National accounting, when done well, is a worthwhile exercise, and GDP is probably the best measure we have of overall production within a country. However, it is a very difficult task to measure an economy. Moreover, comparing GDP across nations is often meaningless, especially between advanced and developing countries. It’s not just economic activity that’s developing, so is statisticians’ knowledge of household and firm activity. In April Nigeria revised its method of calculating GDP by changing its base year for calculations from 1990 to 2010. The result was a whopping 89% overnight increase in GDP, which saw it overtake South Africa as Africa’s ‘largest’ economy.
Comparing GDP across countries means that you have to use the same measuring rod. The simple way is to adjust for the exchange rate; a more sophisticated analysis takes into account the fact that price levels, as measured in a common currency, may vary between two countries. With the latter method, China’s annual GDP will overtake that of the US in 2019 according to the IMF. According to the World Bank it will happen this year.

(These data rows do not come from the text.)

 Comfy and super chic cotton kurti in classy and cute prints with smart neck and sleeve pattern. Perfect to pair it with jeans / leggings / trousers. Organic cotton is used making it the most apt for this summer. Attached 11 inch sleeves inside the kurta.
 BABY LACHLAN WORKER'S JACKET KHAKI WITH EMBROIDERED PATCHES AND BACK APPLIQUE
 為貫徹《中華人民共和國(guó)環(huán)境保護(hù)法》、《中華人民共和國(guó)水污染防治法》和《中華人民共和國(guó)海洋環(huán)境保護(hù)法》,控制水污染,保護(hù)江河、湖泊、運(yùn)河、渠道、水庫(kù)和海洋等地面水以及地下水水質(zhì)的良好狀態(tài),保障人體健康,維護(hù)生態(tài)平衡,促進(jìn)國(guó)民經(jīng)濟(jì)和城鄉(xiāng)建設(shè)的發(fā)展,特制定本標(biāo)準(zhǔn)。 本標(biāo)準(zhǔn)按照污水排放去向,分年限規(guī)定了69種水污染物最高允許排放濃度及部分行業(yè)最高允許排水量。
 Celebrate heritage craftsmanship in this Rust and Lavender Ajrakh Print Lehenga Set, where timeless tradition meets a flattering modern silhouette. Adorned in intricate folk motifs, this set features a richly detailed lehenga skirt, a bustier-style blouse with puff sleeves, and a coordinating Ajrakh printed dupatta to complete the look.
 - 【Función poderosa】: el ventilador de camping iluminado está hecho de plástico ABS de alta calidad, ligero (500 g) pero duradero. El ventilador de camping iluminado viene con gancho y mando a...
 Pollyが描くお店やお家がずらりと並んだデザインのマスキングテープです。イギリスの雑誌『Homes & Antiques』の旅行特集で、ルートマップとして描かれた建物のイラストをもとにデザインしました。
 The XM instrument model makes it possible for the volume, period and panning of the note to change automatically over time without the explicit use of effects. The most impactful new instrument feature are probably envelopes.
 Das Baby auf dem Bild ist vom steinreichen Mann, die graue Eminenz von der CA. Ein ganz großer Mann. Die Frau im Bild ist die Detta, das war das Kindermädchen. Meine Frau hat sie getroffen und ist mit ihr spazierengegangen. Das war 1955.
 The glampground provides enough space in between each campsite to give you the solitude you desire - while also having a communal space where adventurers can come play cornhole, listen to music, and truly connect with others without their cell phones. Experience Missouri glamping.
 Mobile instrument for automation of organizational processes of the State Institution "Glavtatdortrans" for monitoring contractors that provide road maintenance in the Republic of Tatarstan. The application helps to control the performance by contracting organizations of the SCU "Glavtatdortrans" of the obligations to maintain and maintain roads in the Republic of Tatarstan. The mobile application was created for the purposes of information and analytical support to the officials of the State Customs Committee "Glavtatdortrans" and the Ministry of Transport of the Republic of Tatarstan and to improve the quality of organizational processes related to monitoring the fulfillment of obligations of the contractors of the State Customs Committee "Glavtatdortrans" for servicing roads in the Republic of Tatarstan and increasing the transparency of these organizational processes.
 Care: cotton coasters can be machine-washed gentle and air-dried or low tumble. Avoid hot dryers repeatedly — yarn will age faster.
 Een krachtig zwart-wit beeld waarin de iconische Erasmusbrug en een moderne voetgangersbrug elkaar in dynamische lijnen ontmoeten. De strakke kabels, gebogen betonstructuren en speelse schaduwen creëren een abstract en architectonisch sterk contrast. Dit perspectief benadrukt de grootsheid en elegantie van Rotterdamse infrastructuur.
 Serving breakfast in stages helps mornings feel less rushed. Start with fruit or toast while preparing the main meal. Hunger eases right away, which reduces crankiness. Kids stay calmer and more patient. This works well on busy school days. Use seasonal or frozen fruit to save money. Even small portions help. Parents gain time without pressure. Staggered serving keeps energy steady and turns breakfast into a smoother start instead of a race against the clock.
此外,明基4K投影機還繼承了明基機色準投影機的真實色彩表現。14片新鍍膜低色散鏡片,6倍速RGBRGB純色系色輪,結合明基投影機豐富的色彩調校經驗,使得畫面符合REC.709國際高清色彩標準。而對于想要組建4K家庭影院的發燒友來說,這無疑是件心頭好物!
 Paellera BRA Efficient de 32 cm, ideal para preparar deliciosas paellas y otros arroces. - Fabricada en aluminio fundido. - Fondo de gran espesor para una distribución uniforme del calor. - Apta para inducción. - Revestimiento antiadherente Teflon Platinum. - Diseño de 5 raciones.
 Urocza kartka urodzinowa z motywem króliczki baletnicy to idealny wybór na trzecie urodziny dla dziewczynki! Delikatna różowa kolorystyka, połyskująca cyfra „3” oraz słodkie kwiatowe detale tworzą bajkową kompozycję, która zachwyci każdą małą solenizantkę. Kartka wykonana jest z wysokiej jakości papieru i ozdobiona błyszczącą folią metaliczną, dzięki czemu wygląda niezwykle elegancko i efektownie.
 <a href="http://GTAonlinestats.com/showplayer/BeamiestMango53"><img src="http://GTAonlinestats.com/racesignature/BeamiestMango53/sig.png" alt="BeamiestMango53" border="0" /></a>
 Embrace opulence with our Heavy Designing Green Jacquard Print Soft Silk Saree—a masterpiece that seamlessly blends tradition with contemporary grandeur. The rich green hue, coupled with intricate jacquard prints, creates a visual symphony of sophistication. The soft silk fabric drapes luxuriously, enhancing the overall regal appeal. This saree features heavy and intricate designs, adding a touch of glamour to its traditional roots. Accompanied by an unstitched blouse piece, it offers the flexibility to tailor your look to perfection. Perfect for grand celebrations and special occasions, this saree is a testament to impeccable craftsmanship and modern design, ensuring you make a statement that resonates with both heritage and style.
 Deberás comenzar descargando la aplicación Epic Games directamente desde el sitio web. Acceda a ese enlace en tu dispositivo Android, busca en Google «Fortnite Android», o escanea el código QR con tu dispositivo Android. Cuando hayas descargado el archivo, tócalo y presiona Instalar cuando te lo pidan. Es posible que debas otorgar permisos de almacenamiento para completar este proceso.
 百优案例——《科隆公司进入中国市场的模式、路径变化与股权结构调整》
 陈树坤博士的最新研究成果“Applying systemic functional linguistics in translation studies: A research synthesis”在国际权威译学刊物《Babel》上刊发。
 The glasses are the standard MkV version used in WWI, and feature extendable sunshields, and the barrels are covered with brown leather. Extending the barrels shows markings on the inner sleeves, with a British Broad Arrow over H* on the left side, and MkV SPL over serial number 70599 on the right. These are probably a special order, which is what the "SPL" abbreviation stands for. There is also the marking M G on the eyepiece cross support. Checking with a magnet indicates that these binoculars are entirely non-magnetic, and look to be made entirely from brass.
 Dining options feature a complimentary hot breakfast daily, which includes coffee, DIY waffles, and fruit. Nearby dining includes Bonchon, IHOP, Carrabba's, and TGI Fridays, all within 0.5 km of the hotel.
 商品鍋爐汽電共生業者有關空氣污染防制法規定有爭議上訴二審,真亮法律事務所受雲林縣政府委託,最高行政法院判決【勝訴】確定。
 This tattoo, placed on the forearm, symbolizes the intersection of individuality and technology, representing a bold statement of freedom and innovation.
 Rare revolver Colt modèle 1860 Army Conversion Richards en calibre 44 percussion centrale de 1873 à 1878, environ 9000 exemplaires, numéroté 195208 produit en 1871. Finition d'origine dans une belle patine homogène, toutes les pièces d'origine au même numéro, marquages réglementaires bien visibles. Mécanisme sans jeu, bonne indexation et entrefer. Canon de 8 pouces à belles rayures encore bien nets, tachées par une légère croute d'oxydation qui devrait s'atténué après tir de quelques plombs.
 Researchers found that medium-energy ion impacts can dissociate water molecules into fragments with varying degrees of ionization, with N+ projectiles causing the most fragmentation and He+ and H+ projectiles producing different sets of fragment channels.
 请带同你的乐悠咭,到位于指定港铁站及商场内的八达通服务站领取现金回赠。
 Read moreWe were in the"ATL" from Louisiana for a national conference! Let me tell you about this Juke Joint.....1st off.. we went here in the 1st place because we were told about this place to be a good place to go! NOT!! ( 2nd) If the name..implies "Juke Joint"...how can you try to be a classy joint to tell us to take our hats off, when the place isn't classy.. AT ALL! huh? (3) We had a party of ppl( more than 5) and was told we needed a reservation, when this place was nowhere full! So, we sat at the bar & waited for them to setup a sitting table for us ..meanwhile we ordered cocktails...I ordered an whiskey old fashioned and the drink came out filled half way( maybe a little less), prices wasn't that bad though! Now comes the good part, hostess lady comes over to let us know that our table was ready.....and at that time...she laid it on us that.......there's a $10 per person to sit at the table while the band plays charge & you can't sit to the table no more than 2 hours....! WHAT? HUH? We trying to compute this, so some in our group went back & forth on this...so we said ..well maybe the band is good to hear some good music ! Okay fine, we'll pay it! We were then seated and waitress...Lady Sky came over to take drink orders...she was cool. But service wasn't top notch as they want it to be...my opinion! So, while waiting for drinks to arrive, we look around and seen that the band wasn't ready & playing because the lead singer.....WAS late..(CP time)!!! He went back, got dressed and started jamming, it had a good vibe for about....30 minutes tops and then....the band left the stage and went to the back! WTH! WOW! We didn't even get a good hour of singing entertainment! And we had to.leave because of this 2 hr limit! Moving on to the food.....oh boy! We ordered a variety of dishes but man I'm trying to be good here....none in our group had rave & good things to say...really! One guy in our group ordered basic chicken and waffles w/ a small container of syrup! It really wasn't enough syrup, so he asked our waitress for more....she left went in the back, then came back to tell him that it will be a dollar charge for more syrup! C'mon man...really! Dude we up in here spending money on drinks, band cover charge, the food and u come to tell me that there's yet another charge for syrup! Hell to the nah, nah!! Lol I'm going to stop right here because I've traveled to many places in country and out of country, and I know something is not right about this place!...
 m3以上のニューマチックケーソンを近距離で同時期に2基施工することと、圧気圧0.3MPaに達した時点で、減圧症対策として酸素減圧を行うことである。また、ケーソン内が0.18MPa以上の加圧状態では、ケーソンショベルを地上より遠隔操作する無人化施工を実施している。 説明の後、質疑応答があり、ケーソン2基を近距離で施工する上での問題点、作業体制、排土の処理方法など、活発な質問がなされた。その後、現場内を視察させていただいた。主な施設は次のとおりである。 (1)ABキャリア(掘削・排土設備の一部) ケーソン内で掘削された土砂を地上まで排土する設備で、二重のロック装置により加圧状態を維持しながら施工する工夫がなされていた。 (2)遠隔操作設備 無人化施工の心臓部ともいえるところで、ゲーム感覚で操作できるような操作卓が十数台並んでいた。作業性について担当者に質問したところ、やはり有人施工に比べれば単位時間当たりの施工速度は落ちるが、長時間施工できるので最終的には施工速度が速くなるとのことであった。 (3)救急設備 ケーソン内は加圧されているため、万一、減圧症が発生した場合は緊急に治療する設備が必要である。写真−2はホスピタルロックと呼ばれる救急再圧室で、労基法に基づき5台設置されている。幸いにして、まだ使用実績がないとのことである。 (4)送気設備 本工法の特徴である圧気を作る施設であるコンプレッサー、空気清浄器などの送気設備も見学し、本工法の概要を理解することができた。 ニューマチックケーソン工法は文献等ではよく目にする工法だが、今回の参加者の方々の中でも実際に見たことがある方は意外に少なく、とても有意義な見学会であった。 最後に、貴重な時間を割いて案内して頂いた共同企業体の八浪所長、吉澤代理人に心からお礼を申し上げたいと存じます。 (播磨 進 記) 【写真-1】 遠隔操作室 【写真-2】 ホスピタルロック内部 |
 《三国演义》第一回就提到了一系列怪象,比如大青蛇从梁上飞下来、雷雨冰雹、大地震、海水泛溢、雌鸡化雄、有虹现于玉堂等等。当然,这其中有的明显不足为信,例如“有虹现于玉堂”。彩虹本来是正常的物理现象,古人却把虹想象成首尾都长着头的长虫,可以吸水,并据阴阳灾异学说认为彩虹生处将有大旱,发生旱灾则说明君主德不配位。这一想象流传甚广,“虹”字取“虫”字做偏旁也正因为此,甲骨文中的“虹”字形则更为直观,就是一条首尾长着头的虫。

Yet, it might already have happened. Much more value might be added in Mandarin and Cantonese speaking firms than is recognised by the Chinese National Bureau of Statistics.
From an economic point of view we should not care too much about comparative GDPs. “Head to head” thinking in economics often leads to unsound politics. An example of this was the “voluntary” export quota in Japan in the 1980’s when some influential American economists warned of a flood of cheap Japanese cars. It led to increased prices for both Japanese and American automobiles and US consumers suffered as a result.
China has grown furiously over the last generation because politicians in large part gave up controlling their citizens’ economic activity. With some important exemptions, Chinese men and women are now free to pursue prosperity as they see fit. Hence, Chinese economic activity has become interwoven with global economic activity.
The etymology for “economy” is Greek for a “household”. In fact there are very few countries remaining, perhaps only North Korea, that run their economy as parents run a household. China has prospered because it gave up having an economy in the etymological sense of the word. The toil, saving and investment of the Chinese population is now mostly part and parcel of the global spontaneous order of individual economic activities – what Friedrich Hayek labelled the ‘catallaxy’ – and the more the Chinese are contributing to building that order, the better it will be for everyone.
Do not let clumsy cross-country GDP comparisons cloud your vision of the roots of global prosperity or influence your portfolio construction decisions; it is much more meaningful to judge countries and their economic prospects based on their individual strengths and in the context of their wider role in the global economy.